**Task item**: Transcribe the entries that follow, every word as written, and drop the pictures.

[Stored dataset items]
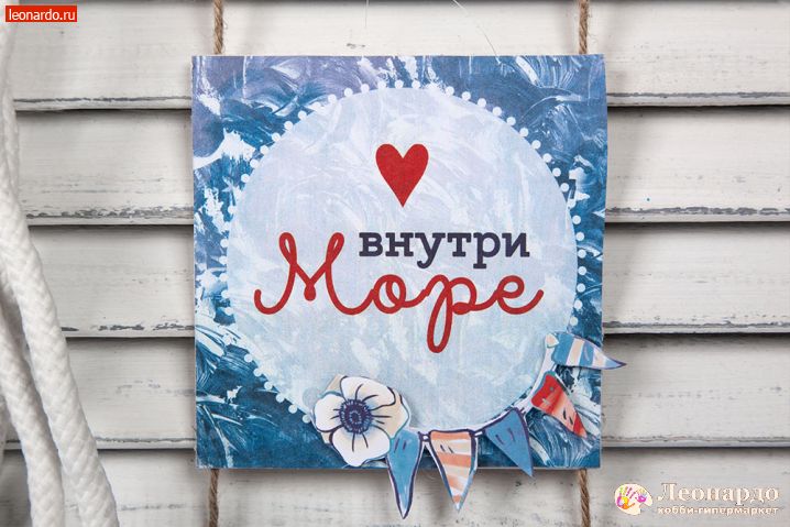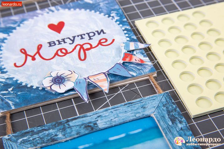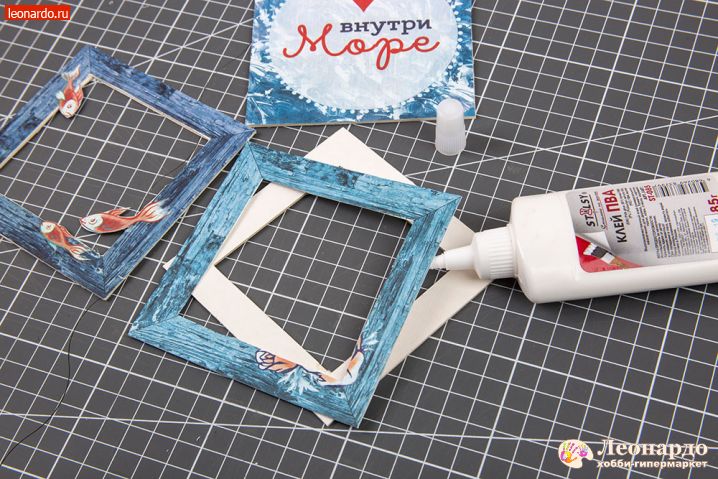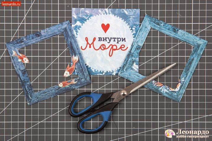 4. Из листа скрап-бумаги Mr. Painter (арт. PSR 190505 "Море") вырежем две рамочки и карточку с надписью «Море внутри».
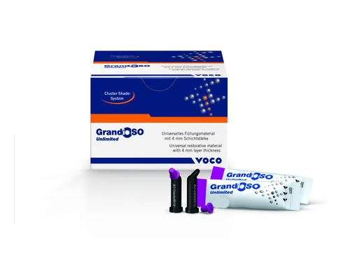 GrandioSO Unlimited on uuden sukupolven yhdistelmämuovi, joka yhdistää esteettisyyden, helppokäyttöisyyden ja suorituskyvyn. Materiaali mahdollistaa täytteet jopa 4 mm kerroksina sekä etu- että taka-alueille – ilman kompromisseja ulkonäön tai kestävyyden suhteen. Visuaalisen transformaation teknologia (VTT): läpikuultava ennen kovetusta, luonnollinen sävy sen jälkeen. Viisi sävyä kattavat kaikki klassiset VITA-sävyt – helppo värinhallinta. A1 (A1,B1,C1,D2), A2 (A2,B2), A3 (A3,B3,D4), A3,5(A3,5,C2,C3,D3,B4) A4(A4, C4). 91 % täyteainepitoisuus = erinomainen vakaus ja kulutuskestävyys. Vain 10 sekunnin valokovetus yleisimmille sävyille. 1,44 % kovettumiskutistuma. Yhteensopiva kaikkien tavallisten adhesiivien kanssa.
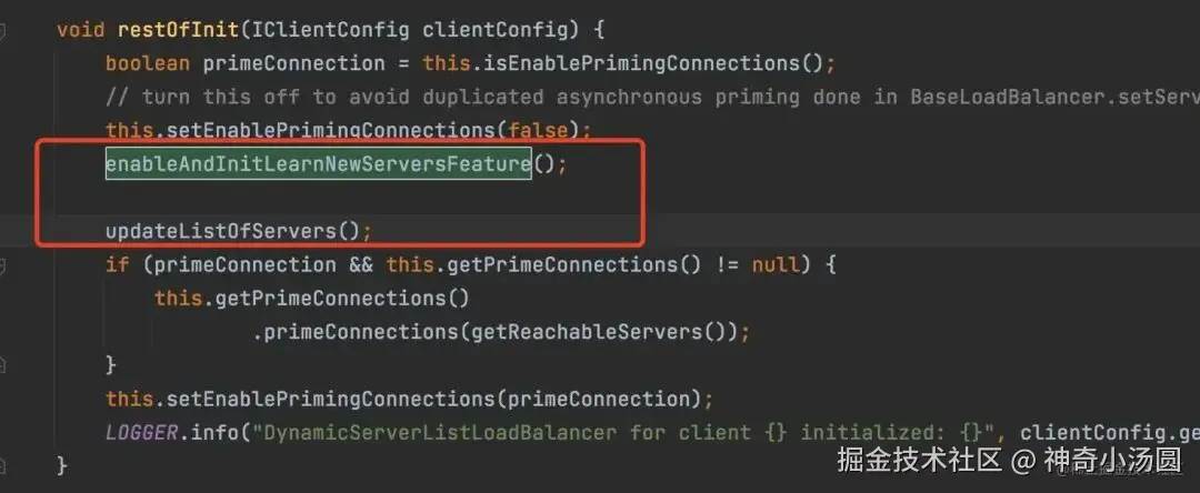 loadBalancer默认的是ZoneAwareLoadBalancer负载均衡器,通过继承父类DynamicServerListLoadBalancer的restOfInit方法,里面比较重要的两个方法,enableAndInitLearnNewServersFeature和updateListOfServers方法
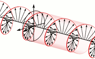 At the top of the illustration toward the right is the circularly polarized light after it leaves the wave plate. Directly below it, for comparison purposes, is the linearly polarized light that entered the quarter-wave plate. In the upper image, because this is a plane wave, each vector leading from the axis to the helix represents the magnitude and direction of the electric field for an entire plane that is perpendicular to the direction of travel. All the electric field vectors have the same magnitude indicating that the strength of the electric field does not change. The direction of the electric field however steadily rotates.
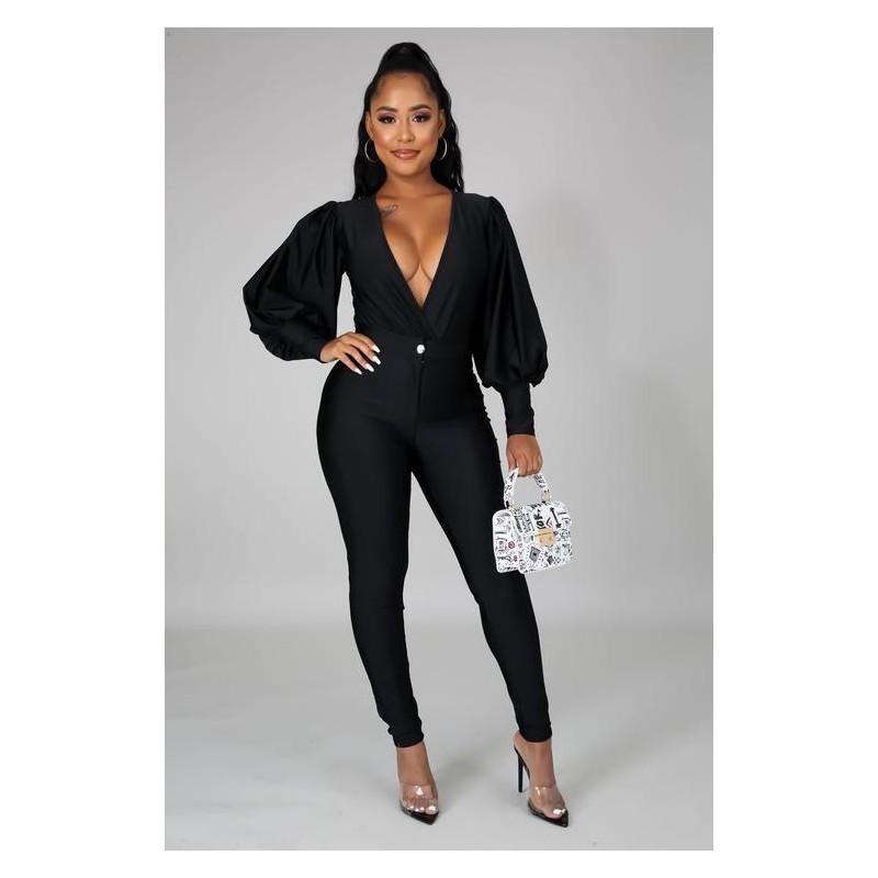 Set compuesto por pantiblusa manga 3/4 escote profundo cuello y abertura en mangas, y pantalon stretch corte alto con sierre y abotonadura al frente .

**Answer section**:
 4. Из листа скрап-бумаги Mr. Painter (арт. PSR 190505 "Море") вырежем две рамочки и карточку с надписью «Море внутри».
 GrandioSO Unlimited on uuden sukupolven yhdistelmämuovi, joka yhdistää esteettisyyden, helppokäyttöisyyden ja suorituskyvyn. Materiaali mahdollistaa täytteet jopa 4 mm kerroksina sekä etu- että taka-alueille – ilman kompromisseja ulkonäön tai kestävyyden suhteen. Visuaalisen transformaation teknologia (VTT): läpikuultava ennen kovetusta, luonnollinen sävy sen jälkeen. Viisi sävyä kattavat kaikki klassiset VITA-sävyt – helppo värinhallinta. A1 (A1,B1,C1,D2), A2 (A2,B2), A3 (A3,B3,D4), A3,5(A3,5,C2,C3,D3,B4) A4(A4, C4). 91 % täyteainepitoisuus = erinomainen vakaus ja kulutuskestävyys. Vain 10 sekunnin valokovetus yleisimmille sävyille. 1,44 % kovettumiskutistuma. Yhteensopiva kaikkien tavallisten adhesiivien kanssa.
 loadBalancer默认的是ZoneAwareLoadBalancer负载均衡器,通过继承父类DynamicServerListLoadBalancer的restOfInit方法,里面比较重要的两个方法,enableAndInitLearnNewServersFeature和updateListOfServers方法
 At the top of the illustration toward the right is the circularly polarized light after it leaves the wave plate. Directly below it, for comparison purposes, is the linearly polarized light that entered the quarter-wave plate. In the upper image, because this is a plane wave, each vector leading from the axis to the helix represents the magnitude and direction of the electric field for an entire plane that is perpendicular to the direction of travel. All the electric field vectors have the same magnitude indicating that the strength of the electric field does not change. The direction of the electric field however steadily rotates.
 Set compuesto por pantiblusa manga 3/4 escote profundo cuello y abertura en mangas, y pantalon stretch corte alto con sierre y abotonadura al frente .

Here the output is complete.